Well, Osama/Usama has apparently set back XQuery by
a few hours, and I can understand why Michael Rhys
thinks it's time to put this thread out of its
misery. But I think that at least the sub-thread
about validating limericks raises some fairly
interesting issues.
At one point today, I was thinking "jeez, if a pure
XML validator can't even identify a "properly
scanning" limerick without extensive markup, just
what IS it good for?" Limericks are indeed a fairly
trivial use case for XML, but many of the same
"validation" issues discussed here such as
cleverness, neologisms, weird rhyming scheme, etc.
are no worse than the non-structural validation
criteria that apply to purchase orders or whatever:
A purchase order must not only have the right tags
and types in the right places, it must be from an
established customer with sufficient credit to pay,
and the products ordered must not only be in the
catalog but in inventory as well, and the shipping
address must be a real place within our shipping
area, and all sorts of other things that no XML type
system could ever cover.
But then I remembered John Cowan's original
complaint -- the thread may be full of inspired
doggerel, but not very many actual "limericks."
Intelligent people can be quite clever at coming up
with interesting neologisms, bizarre rhymes, and
cryptic flames, but they don't seem to be able to
count the damn syllables!!!! So, even if the
limerick validator merely did a rough check to
reject mechanical violations of the limerick
"schema", it would be doing some good. So -- if we
lived in a world where properly-scanning limericks
had some economic value and there were various
limerick processors that understood instances of
some limerick schema -- I could imagine using an XML
validator to catch the truly stupid mistakes rather
than wasting the human judges time on them.
ON THE OTHER HAND, if someone is investing in some
automated (presumably heuristic or AI-based)
"judge" of the quality of the limericks (or the
business value of the purchase order), it's not
clear that the XML validation step adds anything of
value.

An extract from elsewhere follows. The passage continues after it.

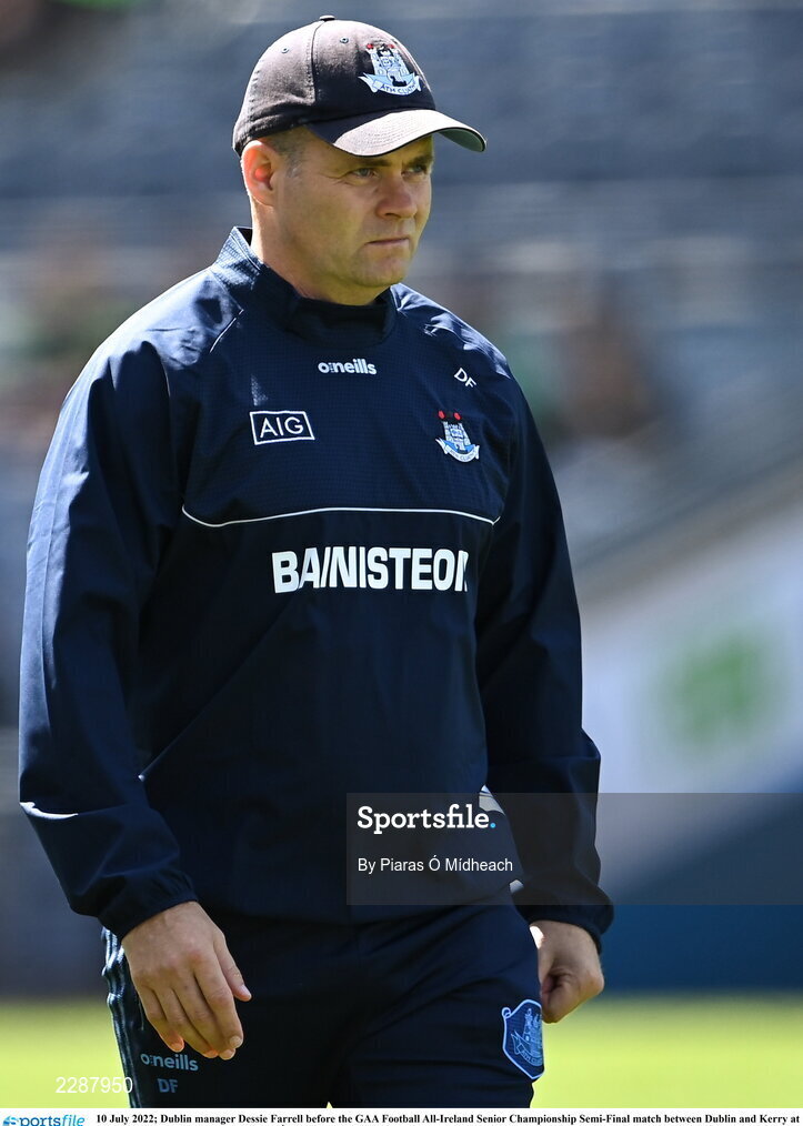 10 July 2022; Dublin manager Dessie Farrell before the GAA Football All-Ireland Senior Championship Semi-Final match between Dublin and Kerry at Croke Park in Dublin. Photo by Piaras Ó Mídheach/Sportsfile

Sure, it's simple (once that DTD is
finished, get to it, Jonathan!), but what value does
the XML validation phase add? I'm still of the
opinion that the RE parse and dictionary lookup
*procedure* would be a lot easier to code than to
develop the DTD/schema, so why not just put that
quick-screen code at the front end of the more
complex "validation" process? Counter-arguments
that I can think of include a) the declarative
description of the constraint system is more
provably correct than the equivalent procedural code
to check the constraints; b) the declarative
validation can be done with well-tested off-the-
shelf tools rather than buggy one-off code [but the
schema could be buggy!], c) ordinary blokes using
wizzy Schema editors could more easily produce the
schema than they could produce the equivalent code
... These all seem a bit contrived to me!
So, what do people think ... have we just stumbled
on a couple of non-typical examples (limericks and
purchase orders) where "type" validation is a fairly
trivial subset of what a "real" validator would do?
Are XML validations mainly useful when they are
relatively easily "programmed" and can be put into a
human-oriented evaluation process with lots of
chances for over-ride of an inappropriate rejection?
Is it REALLY going to be easier for inhabitants of
the Real World to develop useful declarative schemas
than useful procedural code? Educate me!
|